Crufts 2010 Back on TV But Still Playing Host to Unhealthy Dogs

Channel 4’s alternative broadcasting outlet, More4 is home to some genuinely brilliant shows such as Curb Your Enthusiasm, The Daily Show, The West Wing, The Sopranos and some incredible documentaries. It also has its fair share of tosh (Sex Change Hospital, Ramsay’s Kitchen Swear-a-Thon) and doesn’t appear afraid to throw the odd freakshow at its liberally minded viewers. In 2010, More4 welcomes Crufts to its schedules. The all new, health conscious Crufts. Oh. Hang on a minute…..

Just take a little looky at a WINNING dog from the Leeds Championship dog show held on July 26

neo-winner

So – for those who don’t follow or necessarily understand dog shows – the dog above is now qualified and will presumably exhibit at Crufts.

For those who may be blind, the dog above has so many heavy folds of skin weighing its own face down it would be hard to imagine how that would feel. To try and imagine it, get some bulldog clips and attach some weights to them – clip them on to your face in various parts, just enough that your skin becomes loose and gravitates south. Now, leave those clips in place oohh, let’s say, forever. Yes, leave them in place, pulling your skin from your face – until you die. That ought to give some degree of understanding.

DFS Crufts 2010 (that’s DFS the furniture store, it doesn’t stand for Delightful Floppy Skin, just in case you were wondering) has received the backing of the British Veterinary Association president, Nicky Paull.

K9 Magazine asked Mrs Paull what she thought about the ‘winning’ Neopolitan Mastiff. She told us:

It is such issues that we need to keep in the public domain – not just for those who opt to read dog magazines.

We have to continue to drive changes to the breed standards to make such extremes no longer acceptable and these issues need to be discussed openly. It is a dilemma whether to accept such breeds into Crufts but, if excluded, then the breeding will continue outside of the current controls that exist (even if not strong enough) by keeping them within the Kennel Club.

Until we see legislative changes to better control extreme conformation I believe we have to work within the breed societies to drive forward improvements but also to make any extremes unacceptable in the eye of the public. I hope that the More 4 programme will be able to use examples such as this Neapolitan Mastiff to discuss breed standards with independent expert veterinary comment on the difficulties the animal faces.

In traditional K9 Magazine style, let’s have a look at this statement bit by bit, shall we?
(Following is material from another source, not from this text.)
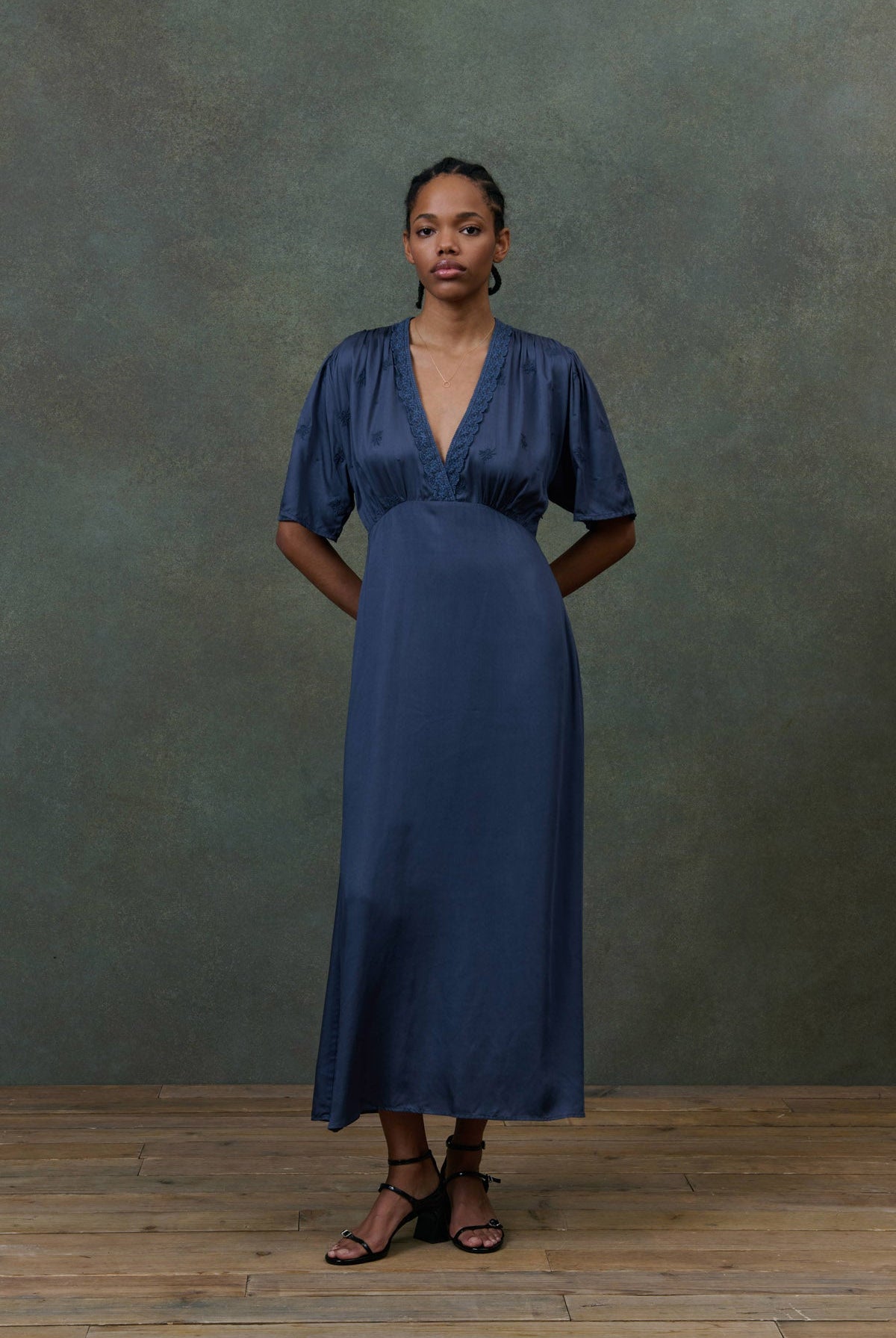 • Robe longue en satin uni.

It is such issues that we need to keep in the public domain – not just for those who opt to read dog magazines.

What “issues” are we talking about here?

This is a dog that was exhibited at a Kennel Club endorsed dog show and won! A Kennel Club approved judge saw this dog and said “Perfect! You should go to Crufts.”

It is only being covered in a dog magazine because a concerned person in attendance at said dog show could see what most normal-thinking people could, that this is a dog with problems (and a rosette). The “issues” being covered by a dog magazine, in this case, are the fact that weeks earlier the BVA gave its backing to Crufts and dogs like this will be exhibited there. That’s the issue. But yes, absolutely the public DO deserve to see this sort of thing – but my, what strange logic. Giving endorsement to Crufts on TV in order that the public be exposed to the full horrors of what competitive dog showing can produce, is that what’s being said here? That would be like the British Medical Council advocating people watch televised boxing in order to get a full picture on the dangers of brain damage caused by receiving blows to the head!

We have to continue to drive changes to the breed standards to make such extremes no longer acceptable and these issues need to be discussed openly. It is a dilemma whether to accept such breeds into Crufts but, if excluded, then the breeding will continue outside of the current controls that exist (even if not strong enough) by keeping them within the Kennel Club.

Yes, driving change is important. So, it begs the question, how does it help to ‘drive change’ if the BVA gives its full backing for Crufts to return to the TV when dogs like this are still winning? How does rewarding someone for doing the same things over and over ‘drive change’?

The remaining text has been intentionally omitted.